Словно ребенок, играющий в прятки и осторожно подглядывающий сквозь пальцы, Бретт старался заглянуть в самого себя. Он прижал ладонь к груди, чтобы унять вспыхнувшую боль, и опять попытался взять себя в руки. На самом делеон не мог согласиться с Дженни потому, что не мог и не хотел простить своей матери тех самых проклятых спиритических сеансов, разрушивших в конце концов ее собственную душу. Прежде всего из-за этого он столь страстно отрицал любой факт жизни после смерти, выдвигаемый и Дженни, и Темплтоном.
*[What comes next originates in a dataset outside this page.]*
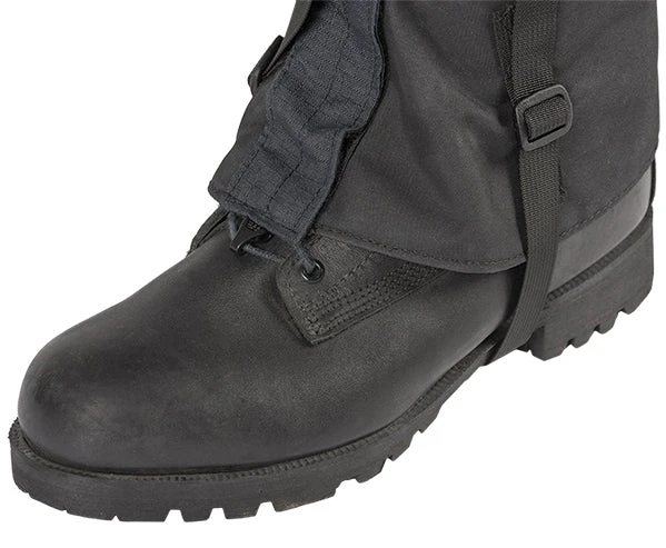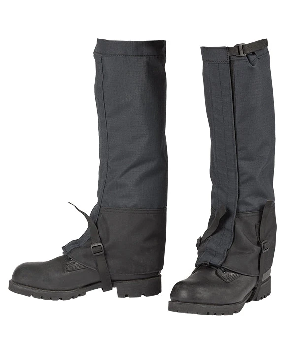 - Gaiters are secured on top with 3/4″ wide FR webbing & buckle

Если это правда, если спириты могут установить контакт с душами умерших людей, если эти души могут возродиться в новой жизни, то Бретт никогда не сможет встретиться где-нибудь после смерти с отцом и попросить у него прощения. Тогда ведь душа отца будет уже где-нибудь в другом месте, а может быть, и времени. Отец Бретта всегда был и будет оставаться для него примером того, как нужно жить в этой жизни. Господи, как глубоко сидела в нем боль, каким нестерпимым было чувство вины даже по прошествии стольких лет! И теперь вдруг выясняется, что его последняя надежда рушится…
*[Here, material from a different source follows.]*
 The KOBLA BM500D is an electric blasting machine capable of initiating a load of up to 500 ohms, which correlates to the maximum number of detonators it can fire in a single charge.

Но только если все, что говорит Дженни, правда. Правда, которая отнимает последнюю, пусть бесконечно малую надежду.
Легкое дуновение ветерка потревожило сухой кипарис, и кусочки старой коры посыпались на грудь и колени, прерывая невеселые мысли. Легкая паутинка прилипла к щеке, и когда Бретт начал ее стряхивать, он понял, что его щеки мокры от слез. Боль в сердце снова взорвалась, и в ушах зашумело.
Но ей казалось, что это вовсе не так. Это стало очевидным, когда он не появился к ленчу. Обеспокоенные его отсутствием хозяева отправили Арнольда в лес, но Дженни решила, что не пойдет вместе с ним. Если бы Бретт нуждался в ее обществе, то не ушел бы в одиночку. Дженни села на веранде и просто начала ждать. Послеполуденное солнце заливало ярким светом все, что было вокруг: и двор, и сад, и западную часть леса, куда отправился Арнольд. О чем, интересно, Бретт сейчас думает? Откуда-то из глубины леса послышался непонятный звук — это было что-то вроде крика смертельно раненного зверя. Дженни, выросшая на ферме, хорошо знала все звуки, которые рождаются в лесных глубинах и эхом разносятся по зеленым опушкам. Но сколько муки, боли и страдания было в этом крике! Дженни вскочила со стула и, облокотившись на перила веранды, стала пристально всматриваться в изумрудную лесную пену.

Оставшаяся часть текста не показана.